Lysa tapped the northwest edge of the map, where the Pyrethorne Range rose like broken spears.
“Macrelith. Janric’s drilling day and night. If anything sparks, it’s there.”
Kelara folded her arms.
“Or Cavaryn. Lorenya keeps her crown and her counsel. When she’s quiet, she’s measuring. And Frostmarch—Luthgar’s banners have been scarce on the roads. Silence there isn’t peace. It’s the sound of a blade being honed.”
Petric’s mouth thinned.
“We don’t poke a sleeping bear,” he said, sliding his hand away from Frostmarch. “Not yet.”
He weighed the map a moment longer, then nodded toward Lysa.
“Macrelith. But do not go farther than necessary. Stay out of sight. If you’re seen, you’re gone before anyone names what they saw.”
Lysa straightened, her bow already in hand by habit.
“Understood.”
Petric crossed to a small chest, lifted the lid, and returned with a slim glass vial sealed in wax. The liquid inside caught the light like quicksilver.

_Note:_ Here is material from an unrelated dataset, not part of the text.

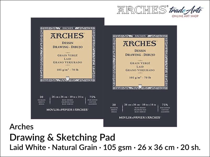 Arches Drawing & Sketching Laid White pad do rysunku i szkicu, 105 gsm, 26 x 36 cm, 20 ark.

He set it gently in Lysa’s palm.
“One draft only. Halfway out, not before. It’ll buy you speed—not invincibility. Don’t waste it.”
Lysa turned the vial once, a grin flickering and gone.
“I’ll be home before anyone misses the olives.”
Kelara smoothed a stray strand from Lysa’s braid.
“Eyes open. Feet quieter than your brother’s pride.”
Jerric tried—and failed—not to smile.
By midmorning, the gate lifted and Lysa slipped through, cloak neat, quiver light. She did not look back.
— — —
Evening settled over the courtyard. The kitchens sent up the last scents of lamb and rosemary, and the day settled into its quieter temper. In the war room, Petric and Jorlan sat across a chessboard scarred by decades of hands.
Jorlan moved a bishop, then leaned back.
“If we were pieces on this board, you’d be the knight.”
Petric raised a brow. “Why the knight?”
“Always charging forward,” Jorlan said, “even if the board isn’t ready for you.”
Petric’s mouth twitched.
“And you?”
“Boring answer.” Jorlan tapped a place on the board. “The one who sees three moves others miss.”
Outside, laughter rose from the training yard. Nell had planted his elbows on a barrel, sleeves shoved to his shoulders, grinning like a man about to make trouble. Jerric slid into place across from him, fingers laced, knuckles white.
“You sure, kid?” Nell asked. “I’ve dislocated elbows for sport.”
“You think I’ve never had mine popped back in?” Jerric shot back.
They strained. For a heartbeat the world was nothing but wood, bone, and breath. Nell’s grin widened. Jerric shifted, found a better angle, teeth gritted with effort. The press wavered—then slammed to the barrel with a thud that drew a chorus of whoops from the wall guards. No one was entirely sure who’d won, which only made the noise louder.
Kelara watched from the steps, shaking her head, amused despite herself. Petric stepped to the doorway just long enough to watch Jerric rubbing his forearm while Nell clapped him on the back as though victory were something shared.
He returned to the board. Jorlan hadn’t shifted from his seat.
“Your turn,” Jorlan said. The candle between them guttered once, then steadied.
Night gathered. The yard emptied. The map waited on its table. And somewhere on the far side of the realm, the mountains held their breath as a single rider slipped among their shadows.